As part of this process, GDAL was packaged for easier installation and distribution as new hosts are provisioned in AWS. The version of GDAL was built was demonstrated to create MRF files with LERC compression faster and smaller files. Our in-depth understanding of how image processing works in ArcGIS, what optimizations are required for the migration to the AWS Cloud and what precursory steps were essential to ensure success. A key consideration for this build was to understand the specific file transformation requirements from the Vizlab development team and customizing a build to suit their specific needs. 

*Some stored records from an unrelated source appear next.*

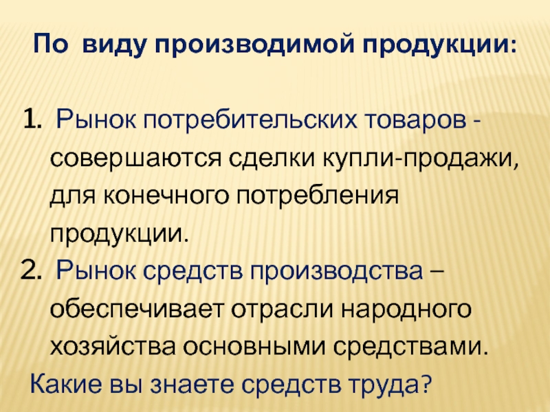 Рынок средств производства – обеспечивает отрасли народного хозяйства основными средствами.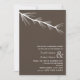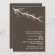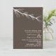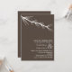 A simple wedding rehearsal dinner invitation featuring an illustration of a pine bough at top. Personalize the text at bottom right. Brown background.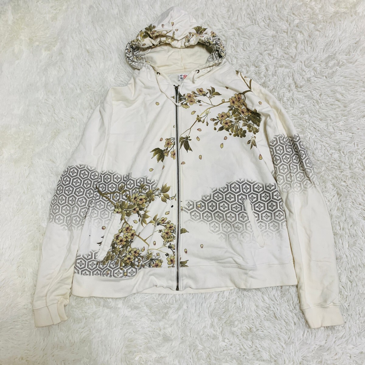 - 華鳥風月 カチョウフウゲツ パーカー 総柄 刺繍 スウェット ホワイト サイズXXL ジップアップ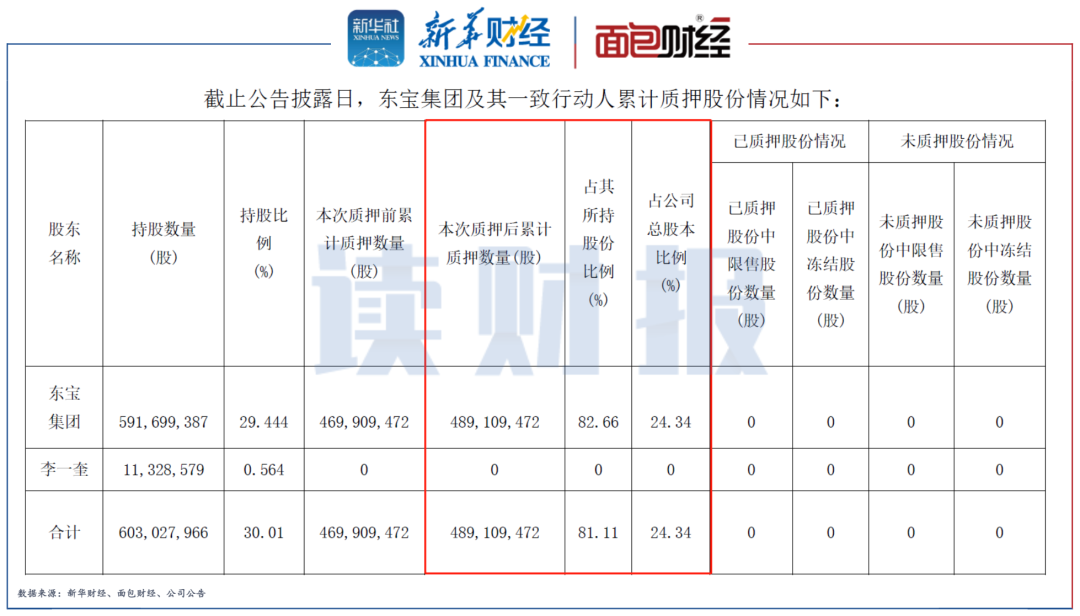 圖4:東寶集團及其一致行動人累計質押股份情況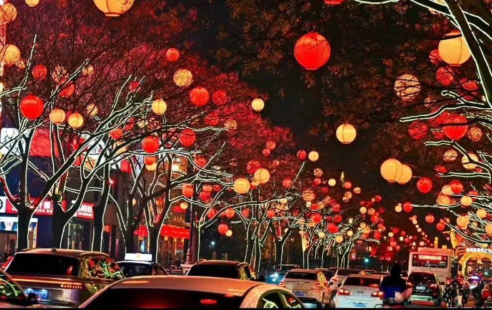 长廊的尽头醺橘暖灯 是新春的气息给换的彩节 竹笼新添的衣裳是红绒围着它转 屋梁在夜里听灯笼守护的故事 大福携锦鲤藏光影里跳舞 孩童喜欢润红的冰糖葫芦 而我喜欢古典的墨黑红纸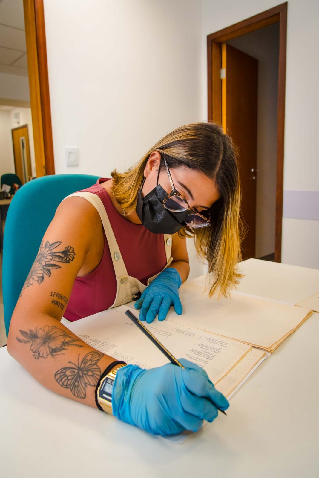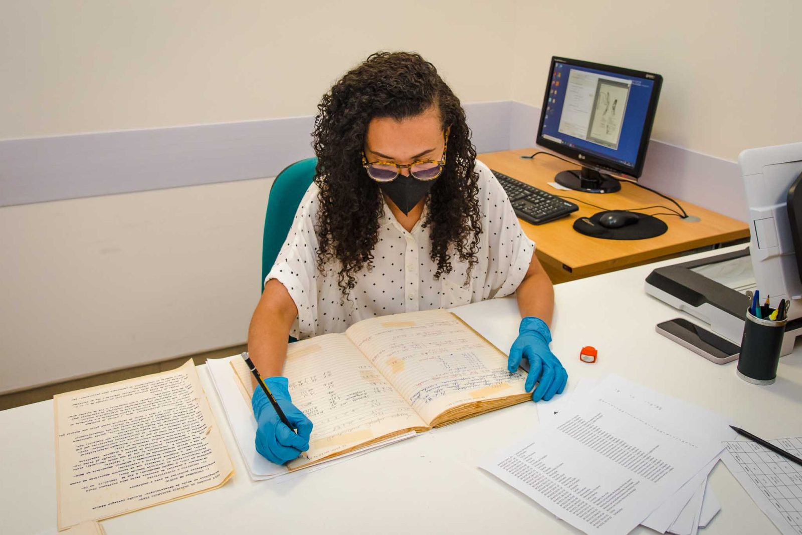 - Bolsista Bettina Martins prepara documentos textuais para digitalização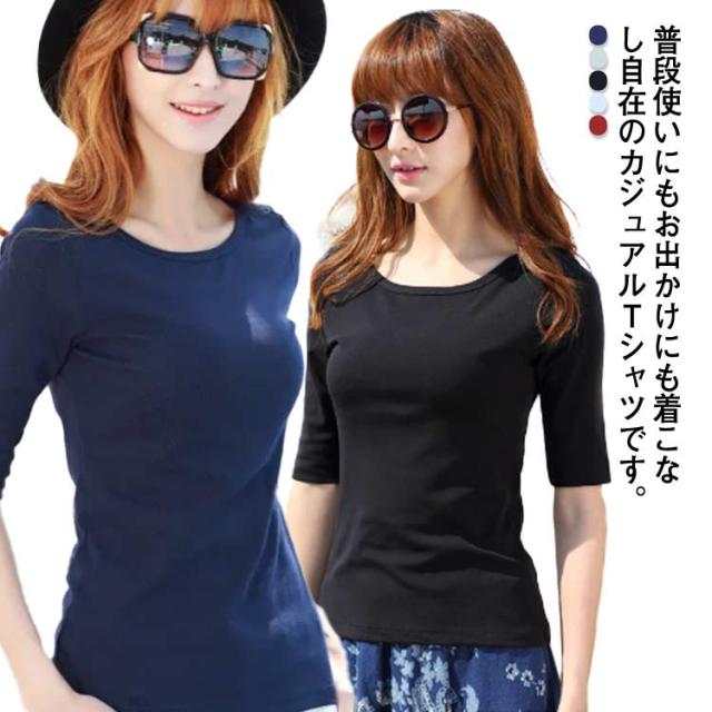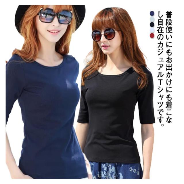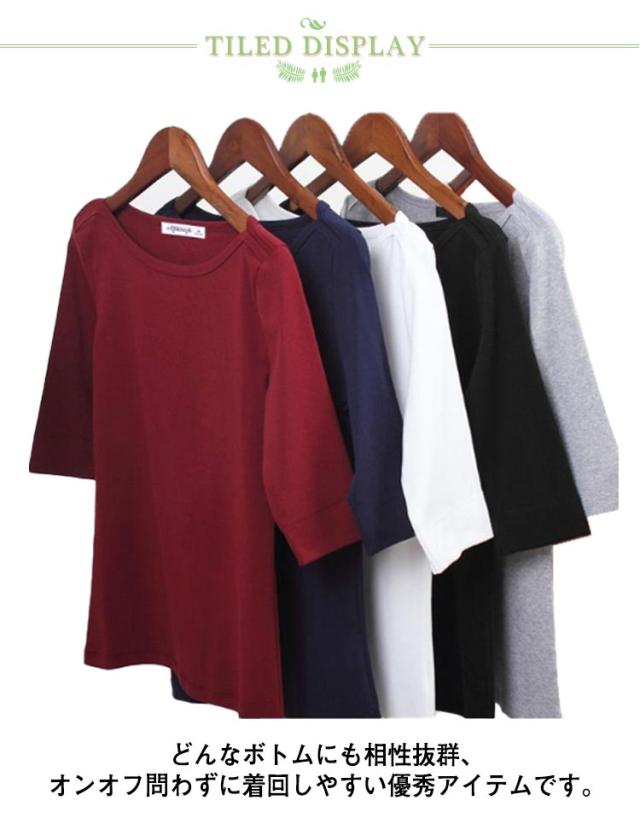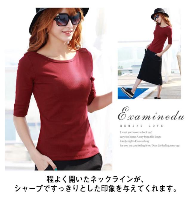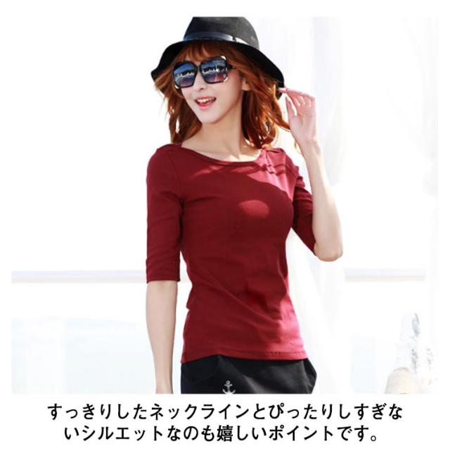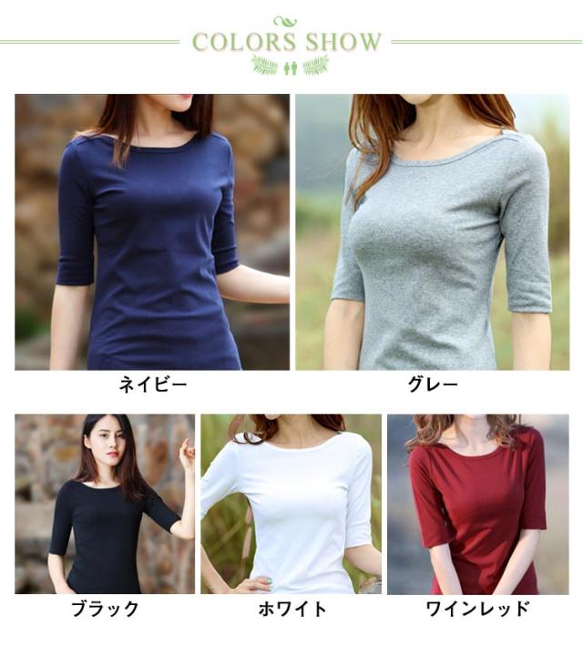 送料無料 Tシャツ ボートネック レディース 5分袖 トップス カットソー 無地 ロンT スーツ 丸首 シンプル ロング インナー ティーシャツ ロングtシャツ 半袖tシャツ 重ね着 レイヤード ネイビー グレー ブラック ホワイト ワインレッド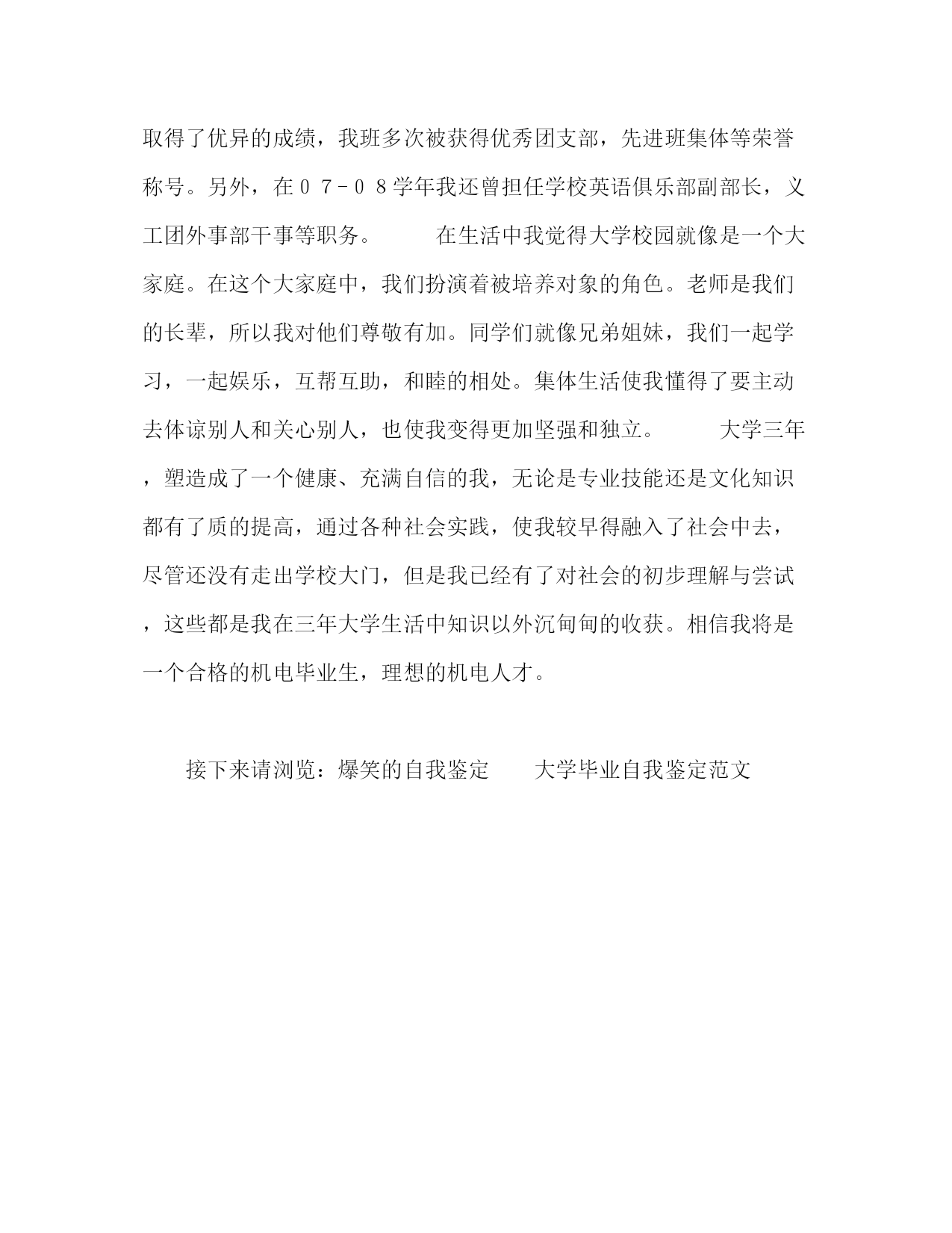 PAGE此资料由网络收集而来,如有侵权请告知上传者立即删除。资料共分享,我们负责传递知识。2020机电大学生自我鉴定大学生一般都会被要求做大学三年自我鉴定,既然是大学生,那么大学生的自我鉴定的要求就会更高,下面我们就去参考一下2020机电大学生自我鉴定的范文,希望对您有帮助,欢迎浏览。在大学三年这个重要阶段,我经历了身心成熟和知识的积累,生活过得充实而有意义。我抱着“全力以赴,做到最好”的宗旨思想品质,知识水平、工作能力方面都有了很大的提高在思想上我不断用先进的理论武装自己的头脑,热爱祖国,拥护中国共产党的领导,坚持四项基本原则;自觉遵守《学生行为准则》和学校规则制度,尊敬师长,团结同学,关系集体;思想上和行动上与党中央保持一致,积极主动地向党组织靠拢并被评为学校入党积极份子.学习方面,我觉得大学生的首要任务还是学好知识,所以在学习上我踏踏实实,一点也不放松,并取得了优异的成绩,获学校07-08学年二等奖学金,国家励志奖学金。但对于我们机电专业的学生来说,光光学好书本上的知识是远远不够的。于是我利用课余时间经常阅览机电类的书籍,并参加了一些机电专业的技能考证,获得了电工中级,数控车中级证书。在工作方面,在大学三年里我始终担任班里的团支部书记。在职期间我认真地传达上级团组织的决议和指示,结合班级具体情况认真地开展工作。并积极协助其他班干认真做好班级管理工作,取得了优异的成绩,我班多次被获得优秀团支部,先进班集体等荣誉称号。另外,在07-08学年我还曾担任学校英语俱乐部副部长,义工团外事部干事等职务。在生活中我觉得大学校园就像是一个大家庭。在这个大家庭中,我们扮演着被培养对象的角色。老师是我们的长辈,所以我对他们尊敬有加。同学们就像兄弟姐妹,我们一起学习,一起娱乐,互帮互助,和睦的相处。集体生活使我懂得了要主动去体谅别人和关心别人,也使我变得更加坚强和独立。大学三年,塑造成了一个健康、充满自信的我,无论是专业技能还是文化知识都有了质的提高,通过各种社会实践,使我较早得融入了社会中去,尽管还没有走出学校大门,但是我已经有了对社会的初步理解与尝试,这些都是我在三年大学生活中知识以外沉甸甸的收获。相信我将是一个合格的机电毕业生,理想的机电人才。接下来请浏览:爆笑的自我鉴定大学毕业自我鉴定范文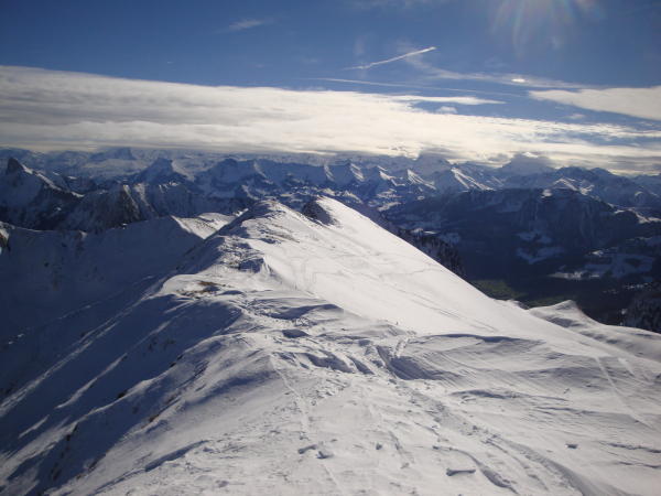 Wegen der starken Bise der vergangenen Tage verblasen. Die Schneequalität ist jedoch gut, im Gipfelbereich hat es sogar Sulz. Steinkontakt kann mit einer vorausschauenden Fahrweise problemlos vermieden werden.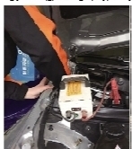 经过查看,佘冰冰发现桑先生的车上装有行车电脑,一旦断电,车载电脑中存储的数据会全部丢失,需要在不断电的情况下进行蓄电池更换,即先将新的蓄电池安装好,再将旧的蓄电池拆下。于是他取出帮电宝接好电,在保证不断电的情况下安全更换蓄电池。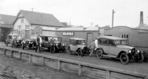 Austin cars delivered by rail to Mildura for Mr. J.H. Bayliss in the mid-1930's. The cars were unloaded from rail wagons onto the passenger platform. Photo: Mrs. C. Bayliss Collection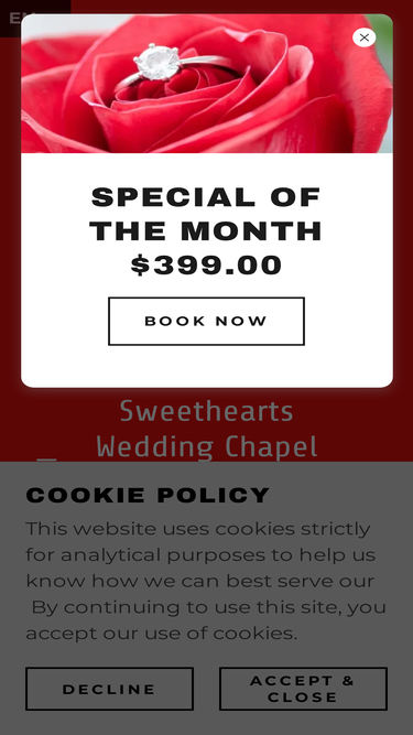 Celebrate your special day at Sweethearts Chapel. Offering intimate wedding venue services and tailored ceremony packages in a romantic setting.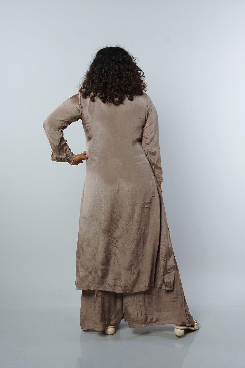 This designer suit in luxurious Chinon fabric features elegant front slits and intricate handwork on the 3/4-sleeve, reflecting exquisite traditional craftsmanship. Paired with a comfortable plazzo, it offers a perfect blend of style and ease, making it ideal for festive occasions or special events where sophistication is essential.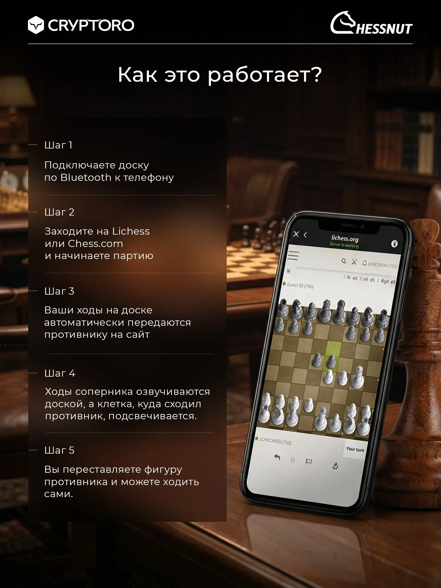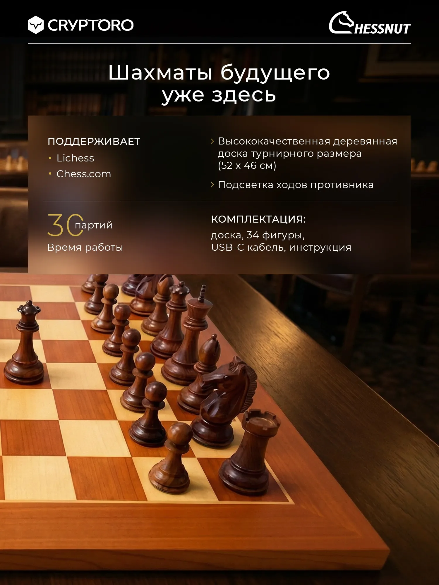 Электронная шахматная доска, 34 шахматные фигуры с сенсорами, зарядный кабель Type-C, руководство пользователя, мешочки для фигур

MRF or Meta Raster Format with LERC compression is a cloud optimized file format that is recommended by ArcGIS. Geographic Data Abstraction Library (GDAL) is a translator library for vector and raster geospatial data formats. 

5. Summary

GIS Migration to cloud is a mammoth undertaking and requires extensive understanding of environment, data flows, stakeholder needs, and visualization requirements. Our Cloud COE supports such complex undertakings and delivers robust cloud architecture using Cloud-First principles, zero trust practices and long-term maintainability. In addition to our support on VizLab our broad cloud work in NOAA has facilitated development of NESDIS Common Cloud Framework (NCCF) that provides a Cloud agnostic common enterprise architecture to empower environmental science and weather business functions through secure infrastructure instrumentation. Within NOAA/NESDIS/NCEI our team has enabled scalability and resilience of data archive infrastructure to ensure secure sharing and seamless data availability for environment research.  

Alpha Omega’s Cloud Center of Excellence (CoE) was incubated with Cloud Engineering patterns, practices, and techniques gathered from NOAA experience. We have been an integral partner in NOAA’s journey to cloud modernization since 2018 with strong support from public cloud providers, especially AWS.